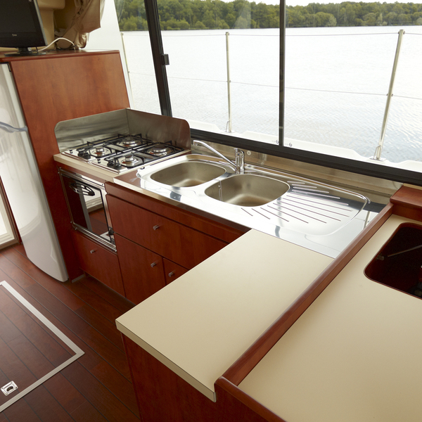 Die Bordküche ist einfach nur fabelhaft: ein großer Kühlschrank, Backofen und Herd. Und es gibt ebenso ein Radio/CD/DVD-Gerät und einen Landstromanschluß. Und es gibt unendlich viel Stauraum an Bord.
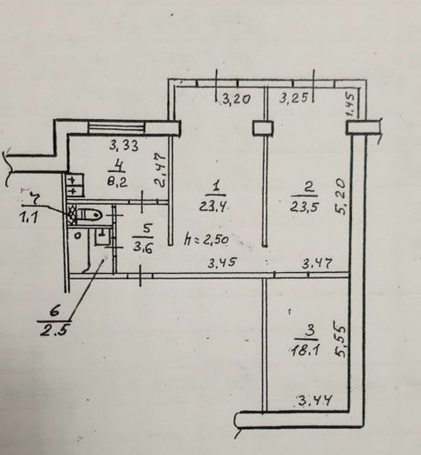Площадь 80м2, 4 комнаты (одна из них под кухню или кабинет), санузел.
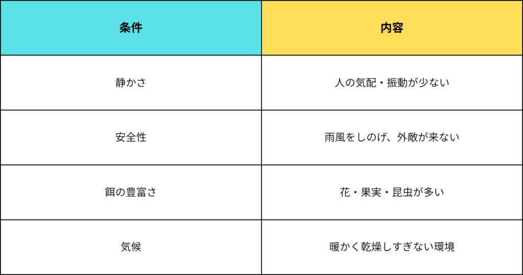 逆に、風通しが悪く湿度が高い場所は苦手です。つまり、「明るく乾いた静かな場所」が巣作りの候補になりやすいのです。
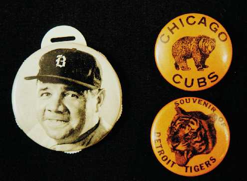 Pair of baseball souvenir pins c.1930-40's. Each is 11/4" diam. incl. Cubs and Tigers: NM
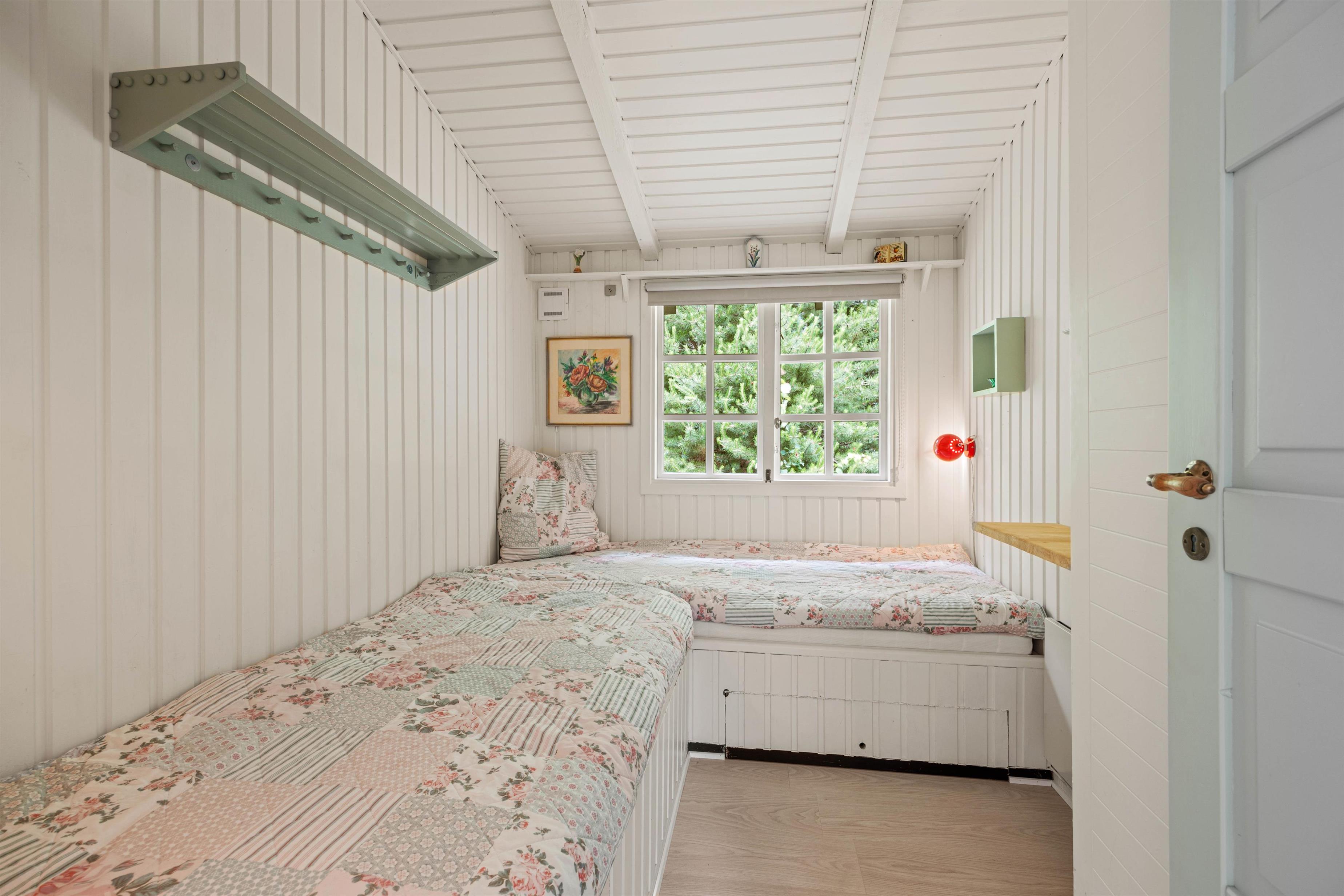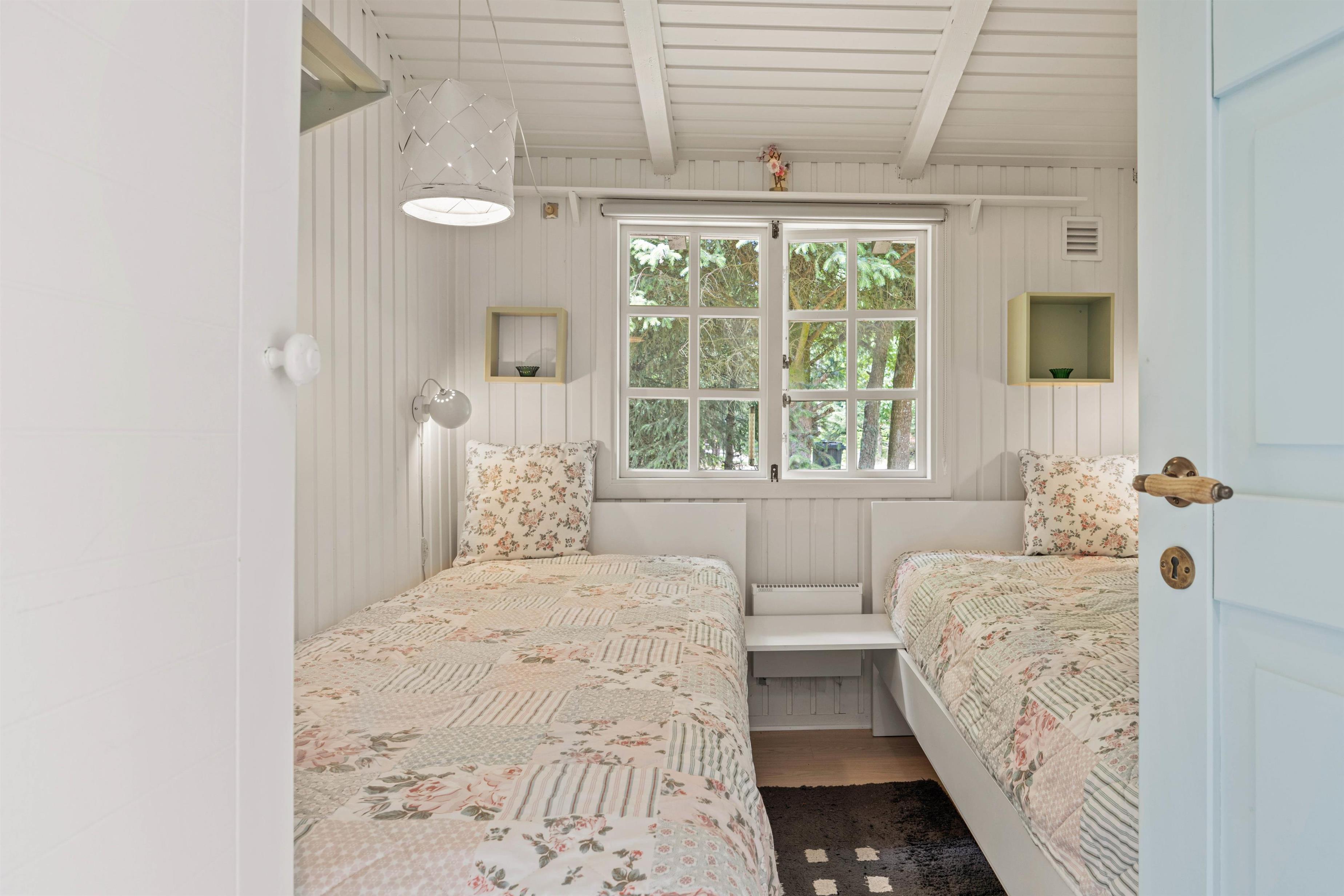 Der er 4 sovepladser fordelt i 2 hyggelige rum. Alle værelser er udstyret med 2 enkeltsenge hver. Sommerhuset har også 1 badeværelse, hvor der er gulvvarme, så I ikke skal fryse fødderne på de køligere dage.

+-------+

**What is required**
Each entry must be set down word for word; no image may be carried over.

**Problem solution**
 Die Bordküche ist einfach nur fabelhaft: ein großer Kühlschrank, Backofen und Herd. Und es gibt ebenso ein Radio/CD/DVD-Gerät und einen Landstromanschluß. Und es gibt unendlich viel Stauraum an Bord.
Площадь 80м2, 4 комнаты (одна из них под кухню или кабинет), санузел.
 逆に、風通しが悪く湿度が高い場所は苦手です。つまり、「明るく乾いた静かな場所」が巣作りの候補になりやすいのです。
 Pair of baseball souvenir pins c.1930-40's. Each is 11/4" diam. incl. Cubs and Tigers: NM
 Der er 4 sovepladser fordelt i 2 hyggelige rum. Alle værelser er udstyret med 2 enkeltsenge hver. Sommerhuset har også 1 badeværelse, hvor der er gulvvarme, så I ikke skal fryse fødderne på de køligere dage.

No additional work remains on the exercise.